Луна, луна...

Валентина Яроцкая
Луна, луна…

        Во вступительной статье к сборнику  Николая Колычева «И вновь свиваются снега»  Ирина Панова писала: «Казалось бы, суровая природа Севера не дает поэту многообразия впечатлений, буйства красок, пейзажных контрастов. Но Колычеву это и не нужно! У него есть луна, снег, дождь, река. То же, что у всех, но он смотрит на них и видит. И как видит! Луна, «как тонкая камея», расцвела «белым воском», она «плачет над иссякшими селами», туман скрывает «зевок луны  в речной воде», луна «круглая да ясная», «под луной двурогой – сонная долина, дальняя дорога»,  в воде отражается  «взгляд обезумевшей луны»… Десятки эпитетов, метафор – и все «лунные»! Целую диссертацию  можно защитить на тему «Николай Колычев – о луне», проследить, как ночное светило передает  настроение поэта.
       Солнцу «повезло» меньше, Колычев говорит о нем значительно реже, правда, и появляется оно на Севере нечасто.
                Сочился солнца пряник лакомый
                Медовым светом,
                Поляны ягодами плакали,
                Прощаясь с летом.
     Неисчерпаем наш язык, вот уж воистину велик он, греет душу новизна талантливых поэтических строк, нечаянна радость от встреч с высокой поэзией!» («И вновь…», с.21) 
        Замечание Ирины Пановой  стало отправной точкой    «изысканий»: насколько «менее» повезло солнцу в поэзии Колычева?  Передает лунный образ  настроения  поэта  или отражает его мировосприятие  в целом?  Как луна отражает пространство и время?

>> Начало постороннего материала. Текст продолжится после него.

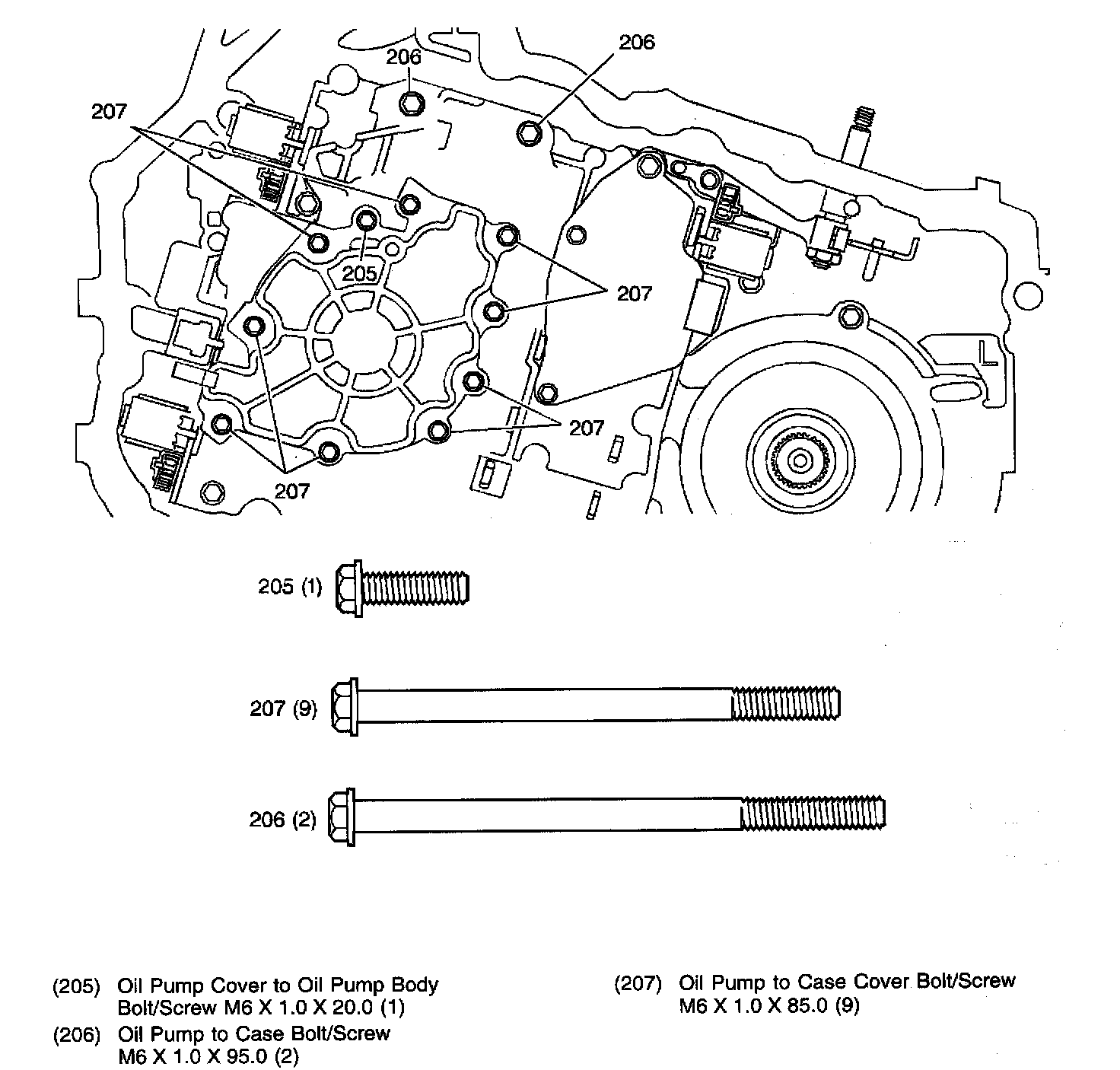 Bottom Pan, Accumulator Cover and Manual 2-1 Band Servo Cover Bolts

Можно ли ее считать символом  колычевского художественного пространства и времени?
         В  сборнике  «Есть у каждого Русь изначальная»,  в  котором  наиболее полно  собраны   стихи Николая Колычева  до 2005 года ,  образ луны появляется    26 раз, тогда как солнце упоминается 19 раз. В процентном соотношении  – 100 и  70 %.  Конечно, поэзию нельзя свести к процентам, цифрам, как нельзя измерить ни в каких единицах  влияние на душу читателя поэтического слова. Однако такое «расхождение» заставляет задуматься, почему при чтении колычевских стихов  остается все же поразительное  впечатление, что «солнцу повезло меньше»? Может  быть,  в качественном отношении образ луны  весомее и значительнее солнца, поэтому «солнечность» уступает место «лунности»?

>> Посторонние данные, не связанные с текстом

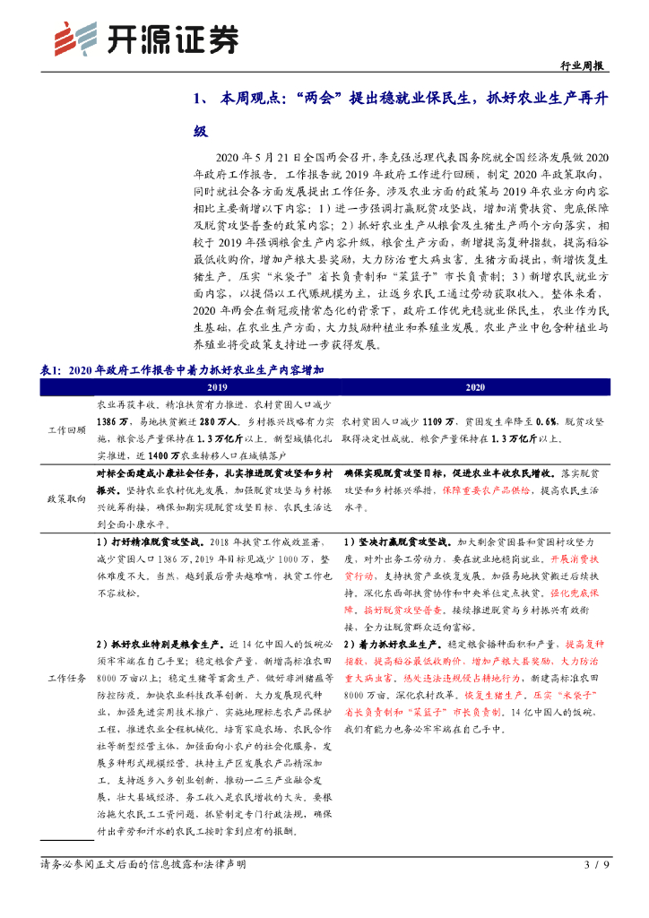 开源证券:农林牧渔行业周报:“两会”提出稳就业保民生,抓好农业生产再升级.pdf

       На самом деле,  оказывается, «лунные»  тропы ( художественно-выразительные  средства)  значительно превосходят  тропы «солнечные», а смысловая нагрузка лунных образов  охватывает более широкое поле души, настроений, мыслей и чувств поэта. Даже гнездо однородных слов у луны превосходит солнце хотя бы на одно слово: солнце, солнышко (интересно, что прилагательное «солнечный» в сборнике отсутствует); но луна, лунность, лунный. Само слово «лунность»  уже можно  рассматривать как понятие  философское, отражающее и миросозерцание лирического героя, и состояние его души.

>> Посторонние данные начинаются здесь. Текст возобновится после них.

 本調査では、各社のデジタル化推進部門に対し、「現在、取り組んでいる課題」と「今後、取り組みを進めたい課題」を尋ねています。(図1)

        «Тусклое» солнце и «яркая» луна  освещают  лирику Николая Колычева. Если учесть, что свет луны в ночном небе  для лирического героя еще усиливается светом звезд, то становится  понятным воздействие на читателя «лунности» лирики Колычева.
                Вот это луна!
                Круглая да ясная!
                Выглянешь из окна –
                И не сводишь глаз с нее.
                Звезды – там, звезды – тут.
                Голубое крошево…               
                («Есть у каждого…», «Вот это луна», с.20)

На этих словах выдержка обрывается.